OPINION: MEDIA PR - Drop masters exposed in broadsheet skirmish The tradition of ’dropping’ financial news to the media has come under fire as undermining the authority of the media and reducing it to a branch of PR.

The allegations made by former Sunday Telegraph deputy City editor Patrick Weever, who accused the paper’s City pages of being ’an offshoot of the PR industry’ have placed the dubious tradition of the Friday night drop back in the spotlight.

The allegations made by former Sunday Telegraph deputy City editor

Patrick Weever, who accused the paper’s City pages of being ’an offshoot

of the PR industry’ have placed the dubious tradition of the Friday

night drop back in the spotlight.



Weever made the claims at an employment tribunal last week.
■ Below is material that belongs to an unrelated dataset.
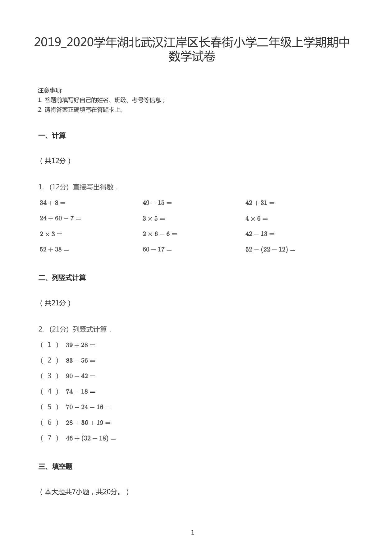 湖北省武汉市江岸区长春街小学2019-2020学年二年级上学期期中数学试卷人教版
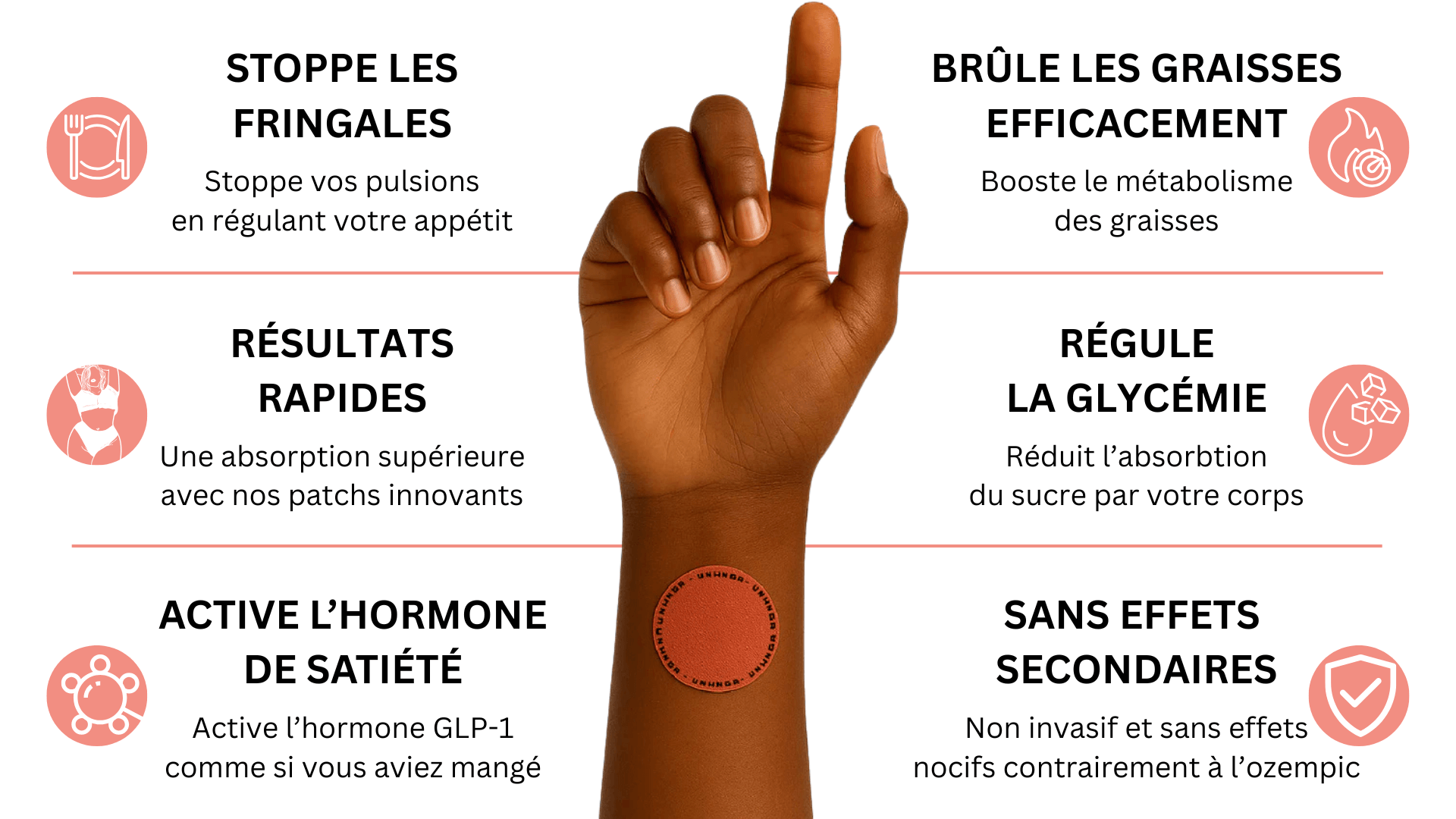 Contrairement aux injections, qui imitent le GLP-1 mais dont on ne connaît pas encore les effets sur le long terme, nos patchs sont une solution naturelle, douce et sans danger. Ils diffusent directement de manière continue les ingrédients actifs dans votre corps, sans aiguille, sans douleur et sans effort.

Although he

lost his case of constructive dismissal from the paper, he used the

occasion to expose what he thought was bad practice in financial PR.



’The issues which were brought up are more important to the future of

journalism than any personal result,’ Weever said after the

tribunal.



There is no question that the relationship between City PR agencies and

journalists is extremely close, but is it corrupt, as Weever

suggested?



His concerns about the Sunday Telegraph centred on the practice of the

Friday night drop, so called because journalists are given information

on a Friday night in time for Sunday editions.



The problem, as raised by Weever, is when a company, usually through a

PR agency or in-house communications staff, provides price-sensitive

information to a journalist on an exclusive basis, thereby breaking

rules set out by the London Stock Exchange and other regulators.



According to these rules, information on a company has to be disclosed

equally to newspapers, and through the Stock Exchange’s Regulatory News

Service. A problem can arise if information is presented when the

exchange’s regulatory news service is closed, but other rules then kick

in so that any announcement has to be given to at least two newspapers

and two newswires.



The drop has existed since the 1970s, when apocryphal tales abounded

about journalists and insider trading. All papers now have guidelines to

the effect that reporters must declare any dealings in shares.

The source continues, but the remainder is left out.